*** Data provided ***

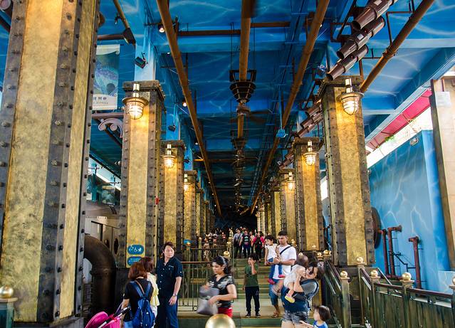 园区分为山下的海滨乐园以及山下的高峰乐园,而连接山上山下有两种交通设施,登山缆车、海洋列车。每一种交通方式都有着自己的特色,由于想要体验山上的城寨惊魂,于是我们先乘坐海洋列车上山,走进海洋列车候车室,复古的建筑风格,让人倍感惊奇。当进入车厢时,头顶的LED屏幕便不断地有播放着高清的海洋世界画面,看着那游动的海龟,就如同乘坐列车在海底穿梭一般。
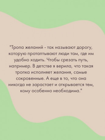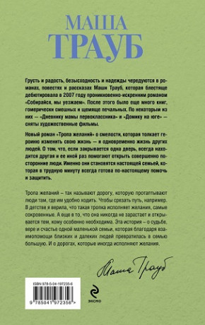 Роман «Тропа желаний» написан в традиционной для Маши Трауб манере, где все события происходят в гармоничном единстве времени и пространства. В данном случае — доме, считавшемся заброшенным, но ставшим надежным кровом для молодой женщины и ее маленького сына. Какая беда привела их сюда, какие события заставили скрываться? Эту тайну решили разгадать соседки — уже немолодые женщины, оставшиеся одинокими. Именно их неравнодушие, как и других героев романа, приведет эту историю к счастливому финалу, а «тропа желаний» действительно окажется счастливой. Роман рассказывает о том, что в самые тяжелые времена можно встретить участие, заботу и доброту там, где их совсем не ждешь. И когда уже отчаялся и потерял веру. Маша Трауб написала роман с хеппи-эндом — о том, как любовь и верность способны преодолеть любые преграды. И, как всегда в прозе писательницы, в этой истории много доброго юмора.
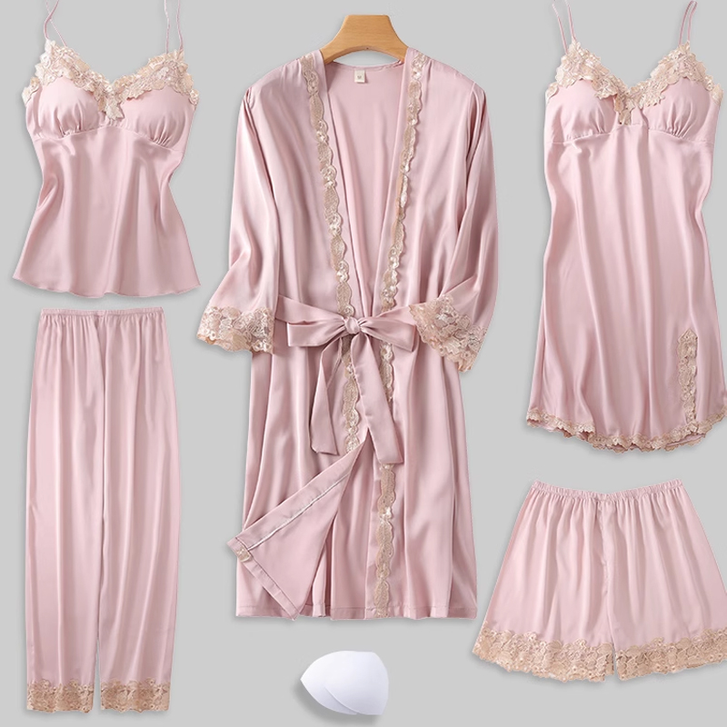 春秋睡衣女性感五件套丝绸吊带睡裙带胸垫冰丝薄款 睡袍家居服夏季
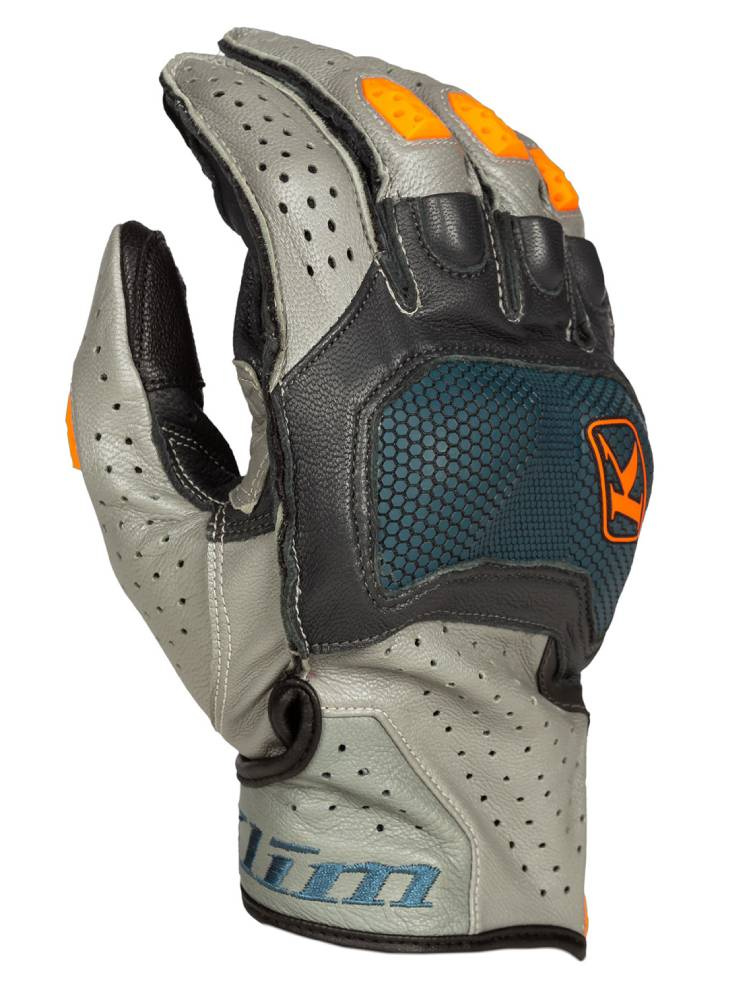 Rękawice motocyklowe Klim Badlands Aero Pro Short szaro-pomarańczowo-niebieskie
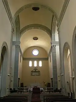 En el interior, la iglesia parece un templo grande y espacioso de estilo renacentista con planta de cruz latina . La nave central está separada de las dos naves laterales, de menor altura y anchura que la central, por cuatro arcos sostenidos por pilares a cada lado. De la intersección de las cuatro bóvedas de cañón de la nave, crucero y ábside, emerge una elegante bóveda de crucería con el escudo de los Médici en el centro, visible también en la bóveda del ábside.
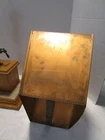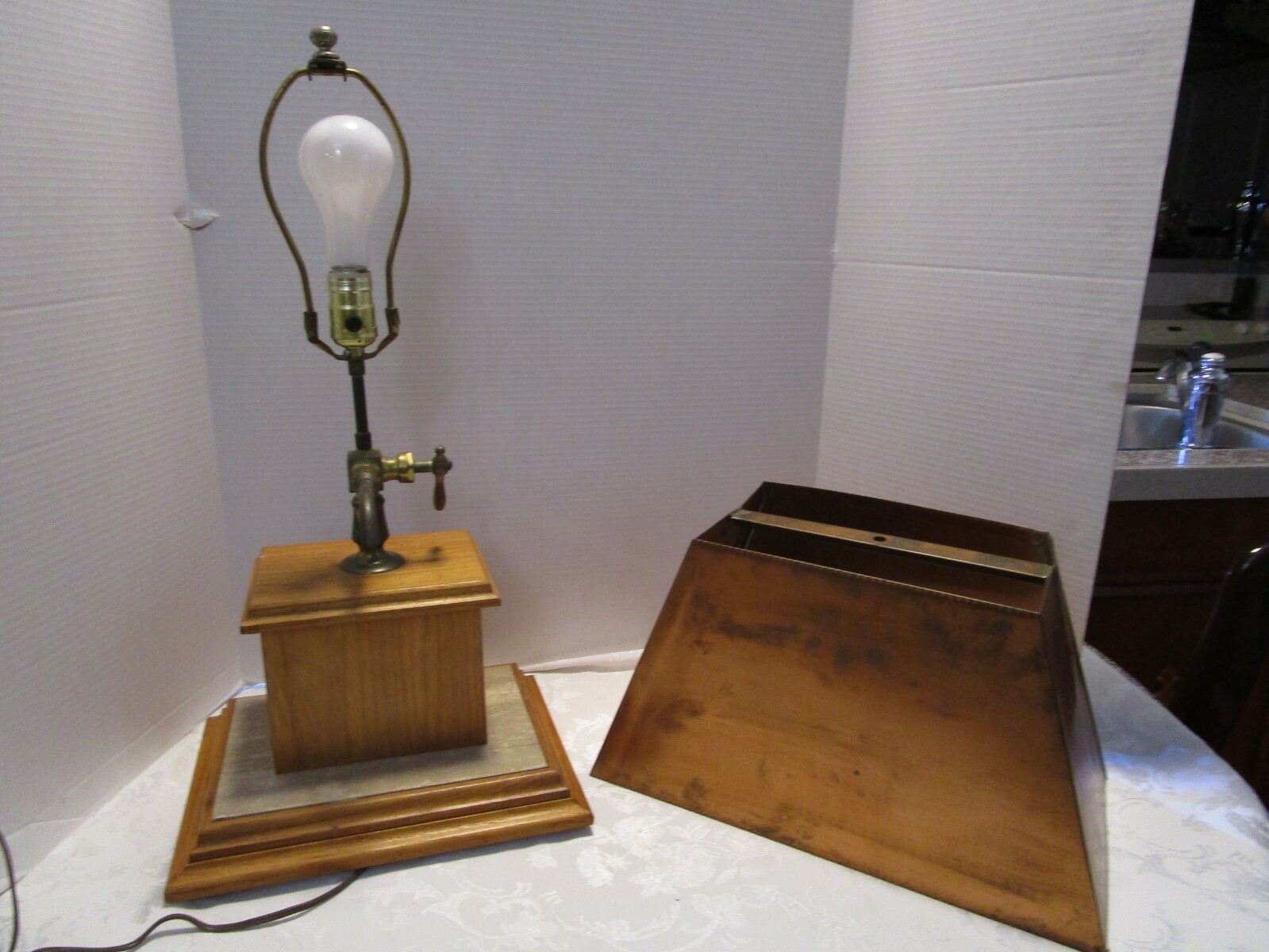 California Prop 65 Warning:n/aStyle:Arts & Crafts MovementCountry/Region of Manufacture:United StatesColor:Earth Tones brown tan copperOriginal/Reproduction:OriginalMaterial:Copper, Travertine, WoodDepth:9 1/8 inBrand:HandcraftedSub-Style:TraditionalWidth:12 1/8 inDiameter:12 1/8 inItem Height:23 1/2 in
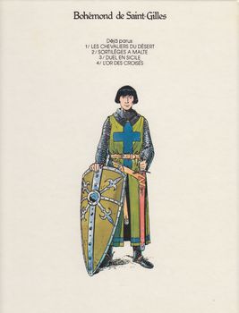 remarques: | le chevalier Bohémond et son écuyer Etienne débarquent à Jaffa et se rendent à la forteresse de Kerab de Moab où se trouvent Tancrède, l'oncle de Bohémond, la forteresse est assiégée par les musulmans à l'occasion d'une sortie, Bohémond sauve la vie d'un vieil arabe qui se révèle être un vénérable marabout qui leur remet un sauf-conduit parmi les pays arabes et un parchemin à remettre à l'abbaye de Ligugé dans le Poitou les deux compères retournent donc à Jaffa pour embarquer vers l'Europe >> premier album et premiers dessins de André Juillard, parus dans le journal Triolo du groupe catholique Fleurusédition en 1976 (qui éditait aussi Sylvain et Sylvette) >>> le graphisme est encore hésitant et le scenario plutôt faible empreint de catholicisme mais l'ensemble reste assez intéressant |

*** End of Data provided ***
*** Data provided ***

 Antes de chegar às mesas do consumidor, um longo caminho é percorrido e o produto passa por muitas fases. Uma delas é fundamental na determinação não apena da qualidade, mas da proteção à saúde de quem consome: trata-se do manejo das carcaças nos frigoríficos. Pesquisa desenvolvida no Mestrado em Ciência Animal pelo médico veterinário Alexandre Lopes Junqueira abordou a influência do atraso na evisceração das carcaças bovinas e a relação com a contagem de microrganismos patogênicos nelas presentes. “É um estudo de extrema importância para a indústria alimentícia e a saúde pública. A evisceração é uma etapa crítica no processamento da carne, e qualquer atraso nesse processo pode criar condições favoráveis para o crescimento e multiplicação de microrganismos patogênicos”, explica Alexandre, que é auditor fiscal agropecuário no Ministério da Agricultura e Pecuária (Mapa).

*** End of Data provided ***
*** Data provided ***

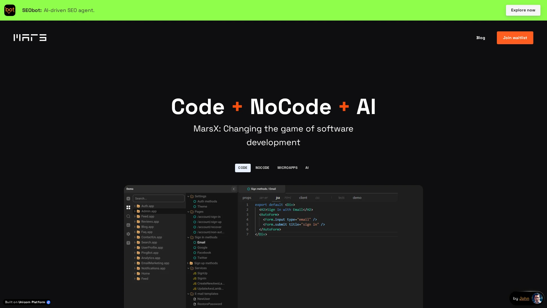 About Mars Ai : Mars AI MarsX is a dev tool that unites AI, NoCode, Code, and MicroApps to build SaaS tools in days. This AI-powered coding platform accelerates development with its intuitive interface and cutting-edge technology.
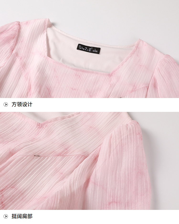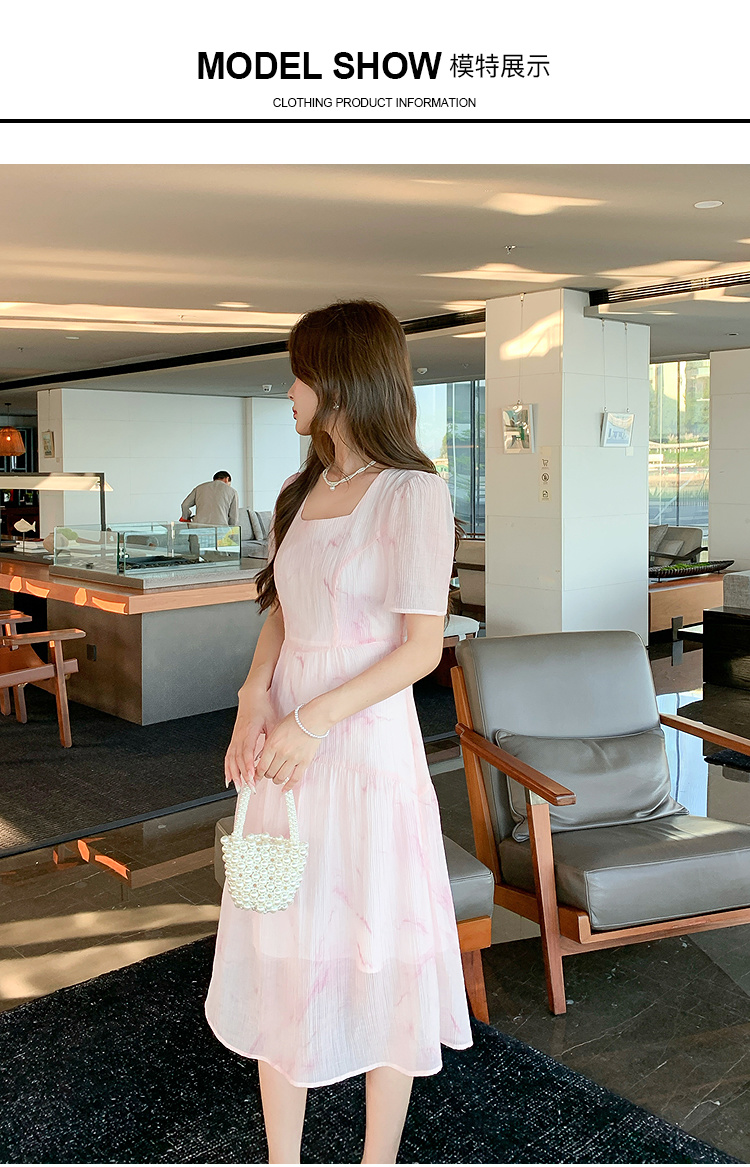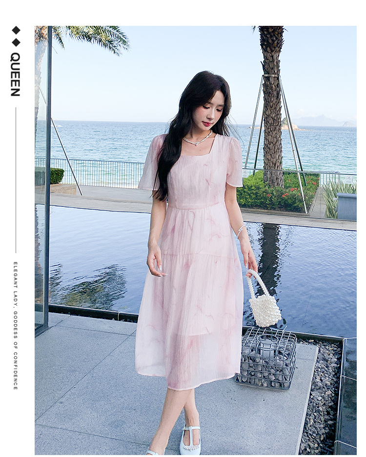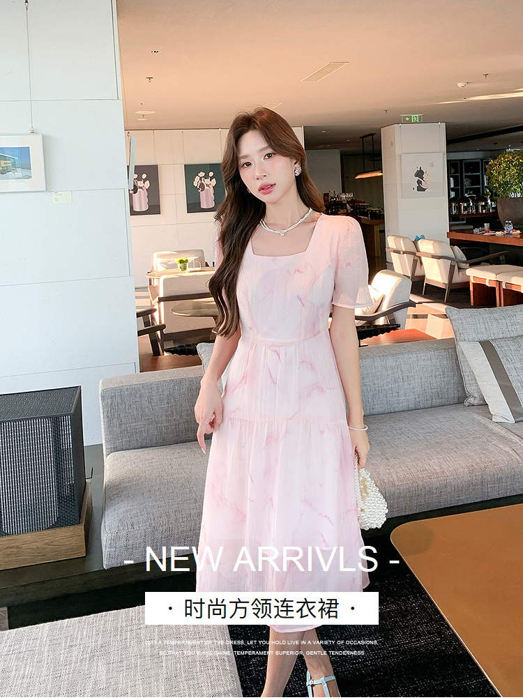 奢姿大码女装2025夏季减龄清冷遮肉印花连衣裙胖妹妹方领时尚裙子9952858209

*** End of Data provided ***

> _Task to carry out_
Would you please reproduce the entries above, starting at the line with "About Mars Ai" and stopping after the line with "奢姿大码女装2025夏季减龄"? Omit any pictures.

> _Problem solution_
 About Mars Ai : Mars AI MarsX is a dev tool that unites AI, NoCode, Code, and MicroApps to build SaaS tools in days. This AI-powered coding platform accelerates development with its intuitive interface and cutting-edge technology.
 奢姿大码女装2025夏季减龄清冷遮肉印花连衣裙胖妹妹方领时尚裙子9952858209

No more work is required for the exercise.